O “dinheiro paulista” que circulava em 1932
Durante movimento contra governo Getúlio Vargas, autoridades de São Paulo decidiram criar cédulas próprias.
Sem dinheiro não se faz nada, nem revolução — era o que acreditavam os paulistas que se insurgiram contra o governo de Getúlio Vargas (1882-1954) em 9 de Julho de 1932, no movimento que se tornaria o maior conflito armado brasileiro do século 20 e entraria para a historiografia como Revolução Constitucionalista de 1932.
Por isso, apenas cinco dias depois da eclosão do movimento o então governador aclamado de São Paulo, Pedro de Toledo (1860-1935), decretou a autorização de “emissão especial de bônus do Tesouro do Estado para substituir as disponibilidades dos bancos da capital e do interior junto às agências e filiais do Banco do Brasil, no Estado de São Paulo”, conforme o texto da lei.
“Precisávamos de cédulas para fazer os valores que estavam nos cofres de São Paulo circularem. Não tínhamos o suficiente em cédulas e, obviamente, o governo Vargas não ia mandar para cá mais cédulas de outros bancos de outros estados”, resume à BBC News Brasil o pesquisador e colecionador Ricardo Della Rosa, neto de combatentes e autor do livro ‘Revolução de 1932: A História da Guerra Paulista em Imagens, Objetos e Documentos’. “Então criou-se o dinheiro paulista, de acordo com o [lastro] que havia nos cofres da época.”

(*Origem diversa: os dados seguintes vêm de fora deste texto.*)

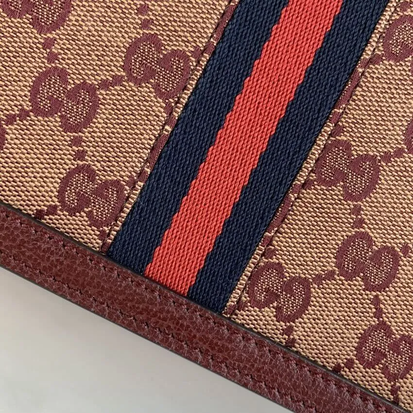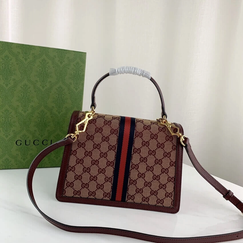 Ophidia Small Burgundy Top Handle Bag with Web Detail 651055
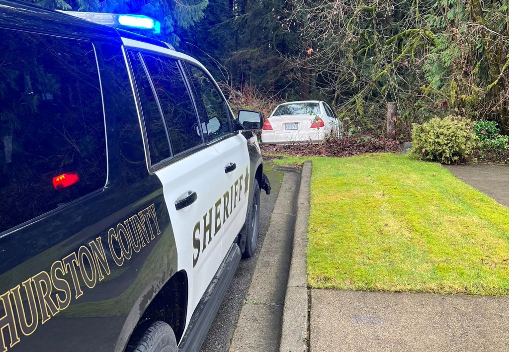 The vehicle then turned northbound on Yauger Way into the Grass lake neighborhood, where it collided with at least one parked car. It continued westbound on 6th Ave to Miter Dr NW at the dead end. The vehicle crashed into the tree line and the male driver and female passenger both fled on foot.

“Emitiu-se papel-moeda. Era um meio de obter financiamento para o movimento”, explica à reportagem o historiador Marco Antônio Villa, professor da Universidade Federal de São Carlos (Ufscar) e autor do livro ‘1932: Imagens de Uma Revolução’. “Ao emitir papel-moeda, os ‘revolucionários’ iam pagando os fornecimentos necessários para a guerra.”
“Afinal, o rompimento das relações com o governo central trouxera também o isolamento econômico”, acrescenta o jornalista e escritor Luiz Octavio de Lima (1959-2020), no livro ‘1932: São Paulo em Chamas’. “São Paulo precisou imprimir o seu próprio dinheiro e passou a emitir cédulas de 5, 10, 20, 50, 100 e 200 mil réis.”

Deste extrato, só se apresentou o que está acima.